I should of said that it would be a native mobile app (iphone/android).

------
silencio
Whatever you do, don't forget about privacy features. One of my friends used
to work on an app called Twinkle for iPhone
(<http://tapulous.com/twinkle/>)...it's a twitter client with their own custom
location feature so you can get all the nearby tweets (using their backend,
because Twitter doesn't support it yet). The only reason why I refuse to use
it with the location feature enabled is because I am thoroughly creeped out by
some of the people close to me
(<http://www.flickr.com/photos/chix0r/2788921744/>, you get the idea). Only
with the recently released 1.2 is there a blocking feature, but that sucks
when it's a different person bothering you every time. In fact, Twinkle
probably wouldn't be the only app I have a problem with...anything that
publicly announces my location gets on my nerves. I don't mind if friends
know, but announcing it to the public is something else.
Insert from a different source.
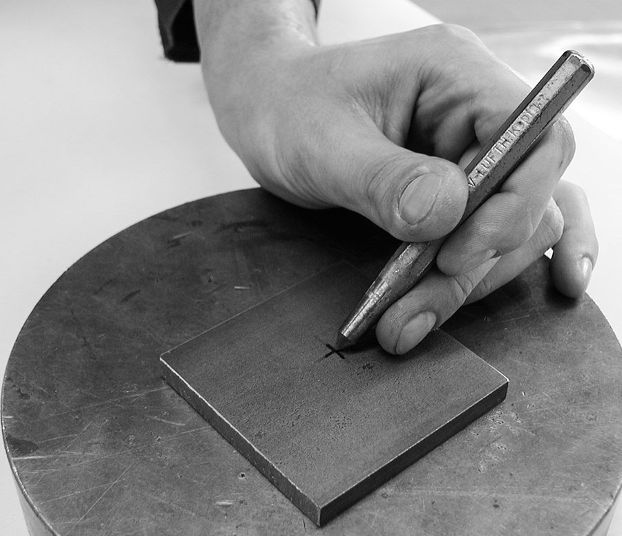 Da macht man einen kleinen Riss und zieht einen weiteren Riss 90° in das Werkstück. Macht man das von beiden Seiten, erhält man einen Schnittpunkt. Dieser Schnittpunkt ist das Zentrum des Kreises, der genau in der Ecke liegt. Hier setzt man einen Körnerpunkt. Batsch.

Another consideration is that a user might want to continue in a conversation
even though they're not in a location. I could actually maybe even see this as
a benefit, if I wanted to join in on a conversation between people at, say, a
conference without actually being there.

------
aaronblohowiak
don't forget that the radius of one user is not the radius of another user.
so, you and knuth are both near me, but knuth isn't near you. so when i
respond to you in the "channel", should he see the updates? now, if you want
to have me join and leave channels based on my proximity to a fixed location,
that's a slightly different problem.

you could do this all with xmpp.

the wireless client reports location to your dispatch server, dispatch server
responds with list of MUCs. the client does whatever filtering the user has
setup or whatever and initiates the joins to the MUCs (basicly, the channels
to use your terminology.)

which xmpp server and client libraries, well that's up to you. ejabberd has a
lot of inertia.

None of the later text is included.